= Identifier for Advertisers =

Unique identifier tied to an Apple device

The Identifier for Advertisers (IDFA) is a unique random device identifier that American information technology company Apple generates and assigns to every device. It is intended to be used by advertisers to deliver personalized ads and attribute ad interactions for ad retargeting. Users can opt-out of IDFA via the "Limit Ad Tracking" (LAT) setting (and an estimated 20% do).

Starting in iOS 14.5, iPadOS 14.5, and tvOS 14.5, users are prompted to decide whether to opt-in or out of IDFA sharing before apps can query it. This choice can be altered in Settings. In May, 2021, Verizon-owned advertisement analytics company Flurry Analytics reported that 96% of US users opted out of IDFA sharing.

== History ==
=== Limit Ad Tracking ===
In iOS 10, Apple introduced "Limit Ad Tracking" setting for users who do not wish to be tracked by advertising networks. If the setting is enabled the system returns a default all-zero id for that device. As of December 2020, it's estimated that approximately 20% of users turn on this setting.

=== App Tracking Transparency ===

On September 3, 2020, Apple announced plans to restrict access to IDFA and require websites and apps to obtain an explicit permission from users before being granted access to IDFA. Since January 2021, users and developers could test this change by installing iOS 14 beta release.

In July 2020, Facebook stated that this transparency requirement would likely hurt their advertising targeting. Facebook said that these changes "may render [their tracking] so ineffective on iOS 14 that it may not make sense to offer it on iOS 14" and Facebook apps on iOS 14, including Facebook, WhatsApp, Instagram, Messenger, and others will not collect IDFA on iOS 14.

In early September, Apple postponed these restrictions until early 2021.

In December 2020, the Mozilla Foundation expressed support for Apple restricting access to IDFA and asked users to sign a petition to "help strengthen [Apple's] resolve to protect consumer privacy".

On December 15, 2020, Facebook launched a "Speak Up for Small Businesses" campaign against Apple. In this campaign, Facebook purchased full-page advertisements in newspapers and created a web page claiming Facebook tries to help small businesses. This campaign became controversial even within Facebook itself, because some employees thought Facebook was "trying to justify doing a bad thing by hiding behind people with a sympathetic message."

On January 27, 2021, Google announced that when the new requirement goes into effect, a "handful" of Google apps will stop collecting IDFAs (and thus the apps will avoid displaying a prompt for allowing tracking user activity).

In February 2021, Post-IDFA alliance surveyed 600 customers and noted that 38.5% of them said they plan to allow tracking by tapping "yes" in the App Tracking Transparency prompt.

On March 18, 2021, Facebook changed its stance. Facebook CEO, Mark Zuckerberg, claimed that these changes might even strengthen Facebook's position "if Apple’s changes encourage more businesses to conduct more commerce on [Facebook's] platforms by making it harder for them to use their data in order to find the customers that would want to use their products outside of [Facebook's] platforms".

On April 1, 2021, the Apple App Store started rejecting apps which used Adjust Apple's System Development Kit (SDK) and attempted to circumvent App Tracking Transparency rules via device fingerprinting (collecting device and usage data to create a unique identifier in order to track the user). On April 2, Adjust removed the offending code and app developers might pass App Store review after updating to the new Adjust SDK version.

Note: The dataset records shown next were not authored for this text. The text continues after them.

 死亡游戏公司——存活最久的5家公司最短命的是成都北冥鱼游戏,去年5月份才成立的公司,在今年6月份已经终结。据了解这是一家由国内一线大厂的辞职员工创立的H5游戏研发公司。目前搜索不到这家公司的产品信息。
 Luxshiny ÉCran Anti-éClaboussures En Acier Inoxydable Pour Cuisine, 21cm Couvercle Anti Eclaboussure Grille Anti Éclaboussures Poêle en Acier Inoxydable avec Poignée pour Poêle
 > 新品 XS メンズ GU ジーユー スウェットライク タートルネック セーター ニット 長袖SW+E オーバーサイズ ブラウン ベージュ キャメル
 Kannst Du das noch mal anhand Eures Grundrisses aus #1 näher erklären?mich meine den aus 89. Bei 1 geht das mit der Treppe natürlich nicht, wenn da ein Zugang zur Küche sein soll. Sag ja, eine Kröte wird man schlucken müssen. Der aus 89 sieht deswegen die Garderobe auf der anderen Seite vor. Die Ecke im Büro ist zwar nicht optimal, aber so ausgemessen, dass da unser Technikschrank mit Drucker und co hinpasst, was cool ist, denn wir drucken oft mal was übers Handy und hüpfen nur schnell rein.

In May, 2021, Verizon-owned advertisement analytics company Flurry reported that 96% of US users opted out of IDFA sharing. Approximately 3% of US users restricted IDFA sharing system-wide.

=== Unconditional restrictions on Advertising ID sharing ===
Apple unconditionally disables Apple IDFA sharing for some Apple ID accounts. In this case apps do not display permission prompt and the Settings entry "Allow Apps to Request to Track" is grayed out. Restrictions apply if the Apple ID is:

- classified as a child account (for example, user's calculated age is less than 18 years old), or
- managed by an educational institution or organization which limits tracking, or
- less than 3 days old.

== Circumvention attempts ==
In March 2021, the China Advertising Association announced that it was backing a device fingerprinting system as a work-around for Apple's new IDFA restrictions called CAID. Companies testing the system reportedly include ByteDance and Tencent.